Excepto el pollo, pon todos los ingredientes de la marinada en el vaso de la batidora y tritura hasta que quede una salsa suave. Rectifica de sal, y vierte sobre los filetes de pollo, que habrás colocado en un bol o tartera. Tapa y mete en la nevera al menos una hora. Por supuesto, estará mucho más sabroso si lo dejas hecho la noche anterior. Prueba la marinada antes de echar el pollo. El sabor debe tener “punch”, como está de moda decir en los concursos gastronómicos televisivos. Has de sentir la acidez de las limas, el picante de las guindillas, y el “umami” (je je, hoy estoy pedante) de la salsa Worcester.

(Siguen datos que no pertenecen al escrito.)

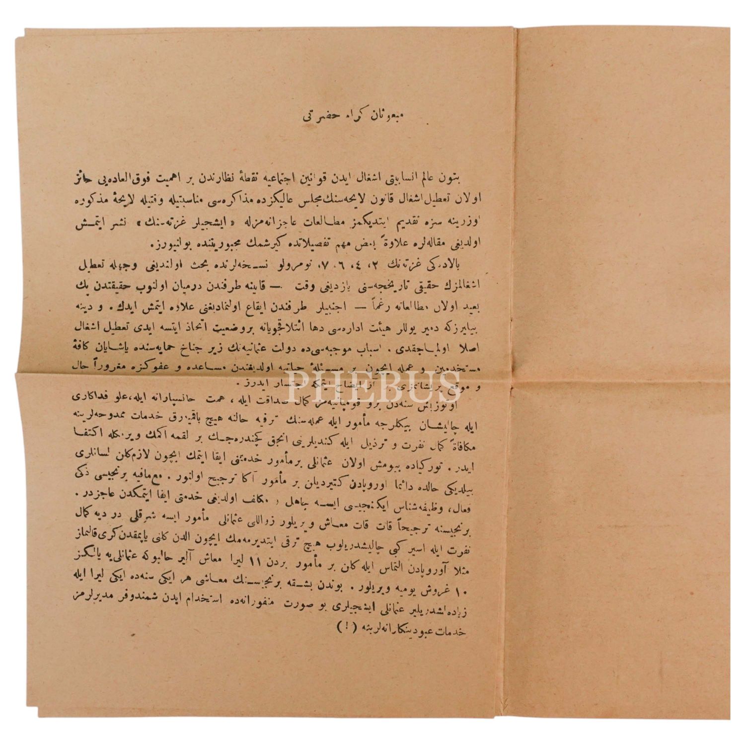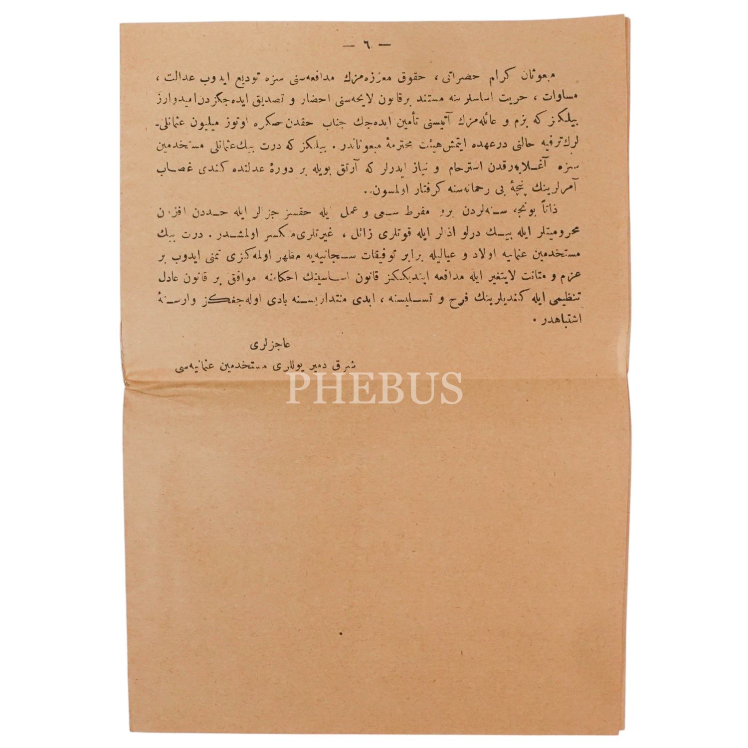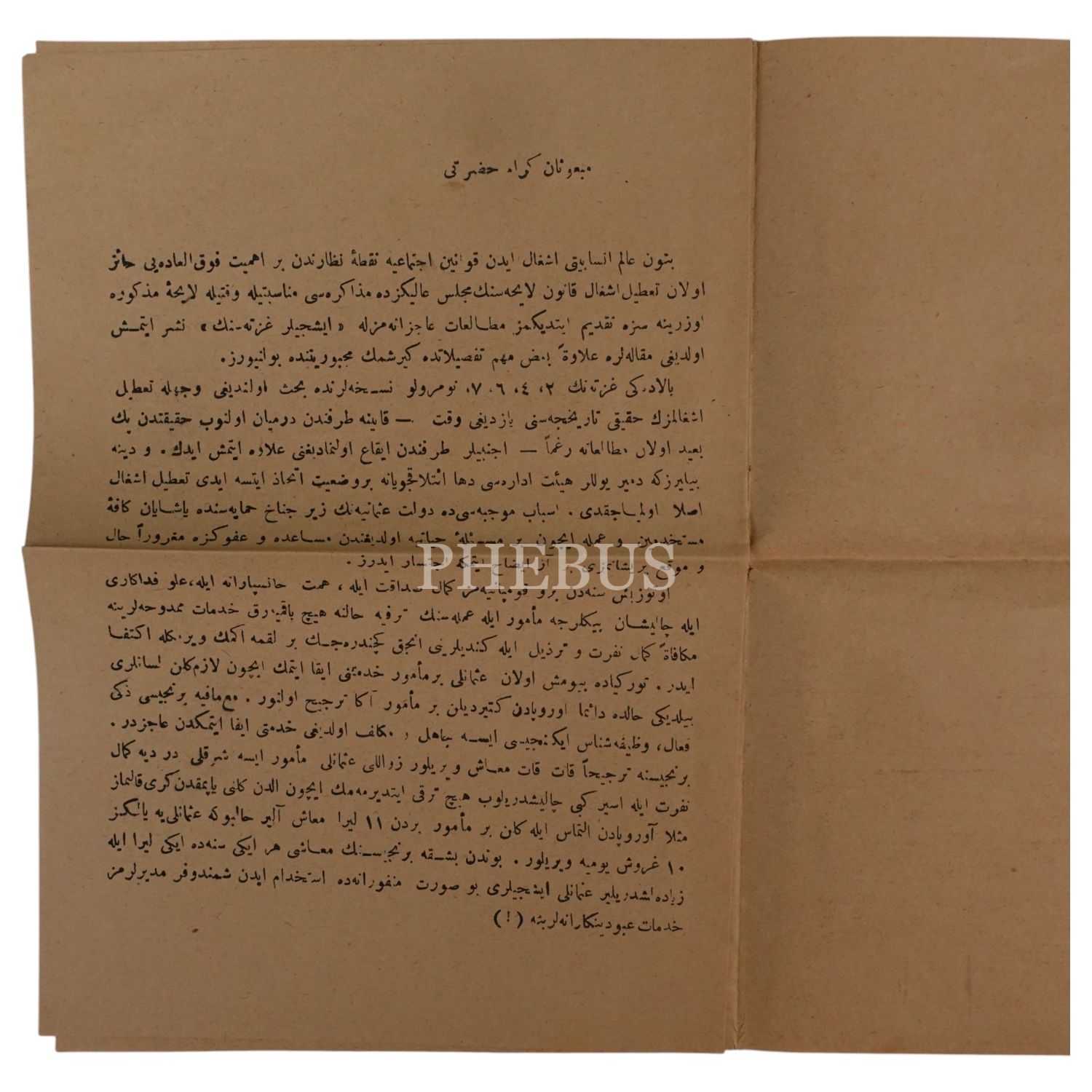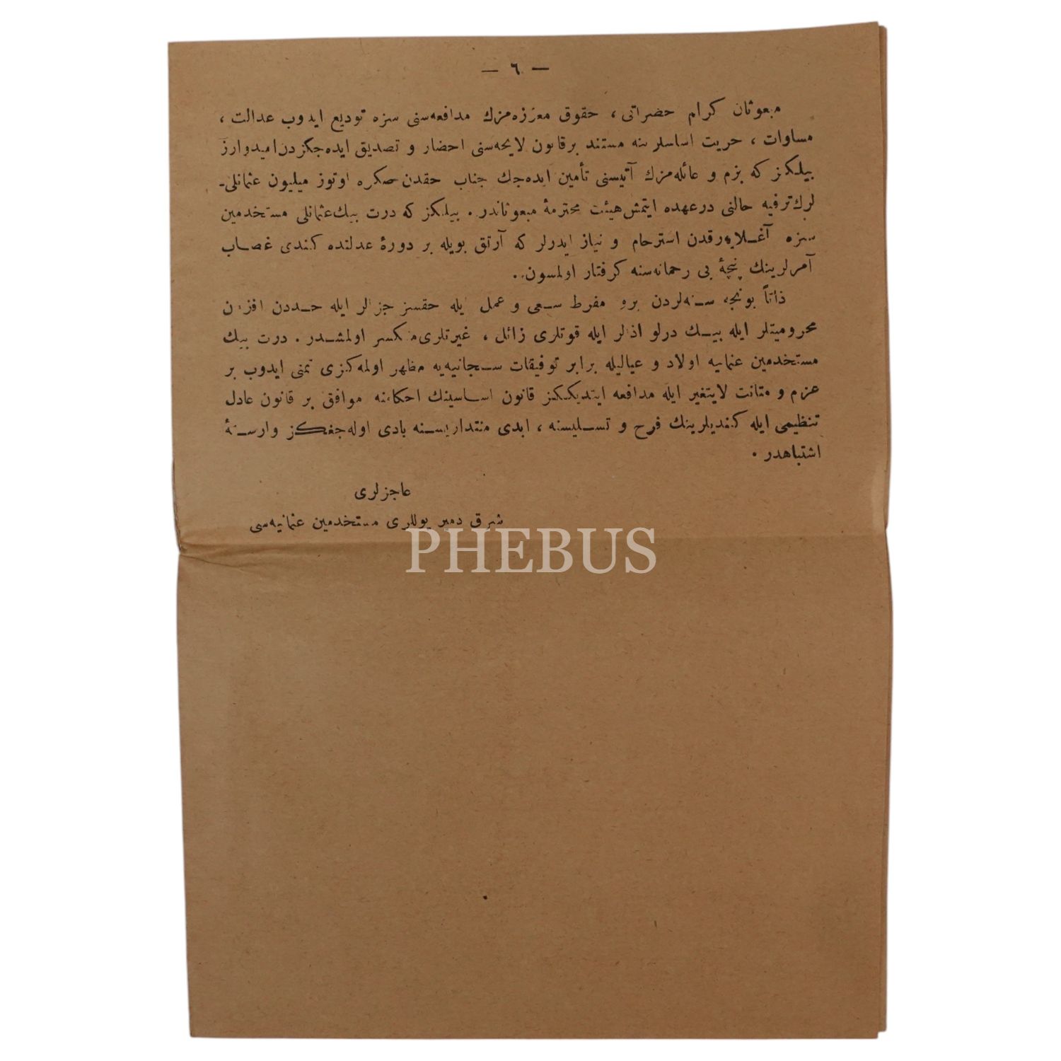 Şark Demiryolları çalışanlarının Meclis-i Mebusan´a sundukları layiha, 6 sayfa, 16x23 cm...

En el momento de hacer las fajitas, retira la marinada del pollo escurriendo los filetes con las manos. No es necesario que los dejes totalmente limpios, pero sí que retires la mayor parte de la marinada, porque no queremos que se cuezan.

Verduras
Retira la base y tallo de los pimientos, así como todas las pepitas, y córtalos también en tiras finas, como de un centímetro de grosor. Pela la cebolla, pártela por la mitad, y córtala en rodajas también de un cm más o menos.

Pon a calentar una parrilla o sartén pesada y gruesa, dejando a la vista la superficie acanalada. Añade un poco de aceite, y echa el pollo (es posible que tengas que hacerlo en dos tandas). Remueve al principio para que no se quede pegado, y déjalo hacer unos minutos. Dale la vuelta y termina de cocinarlo. Resérvalo en una bandeja. Añade un poco de aceite a la parrilla y cocina los pimientos y la cebolla a fuego vivo, sin remover constantemente. Interesa que se vayan ennegreciendo y cogiendo el sabor tostado.

Cuando estén casi hechos, puedes ir calentando las tortillas en una sartén sin aceite, dejándolas unos 15 segundos de cada lado, y cubriéndolas con un trapo al sacarlas para que no pierdan el calor.

Fajitas de polloPresentación
Corta el pollo en tiras y sírvelo junto con los pimientos y cebolla, las tortillas templadas, guacamole, pico de gallo, y si tienes, crema agria, para que la gente pueda hacerse los tacos a gusto. A mí me gusta servir también un pequeño bol con jalapeños envasados, pues reconozco que me gustan las fajitas con sabor picante.

Cada uno se sirve a su gusto. A mí me gusta poner una buena cucharada de guacamole como base, por encima una buena cantidad de pico de gallo, las tiras de pollo, los pimientos y cebolla, unos jalapeños, y un chorrito de lima. Enrollo la fajita, y a disfrutar…

Truco: Para que el pollo no se quede frío, mételo en el horno a 50º mientras haces las verduras, y córtalo sólo en el momento de servir.

Atención: No te equivoques al comprar las tortillas, ya que unas son de trigo (para fajitas y burritos), y otras son de maíz, para enchiladas y quesadillas, y no saben igual.

Nota: Las tortillas de trigo son sencillas de hacer y se pueden preparar perfectamente en casa. Próximamente publicaré la receta!

Pico de gallo

Pico de galloEsta es una ensalada tradicional mejicana (o salsa fresca, como dicen en Méjico), hecha a base de tomate, cebolla y pimientos jalapeños, que suman los colores de la bandera de Méjico, por lo que también se la llama ensalada mejicana o ensalada bandera.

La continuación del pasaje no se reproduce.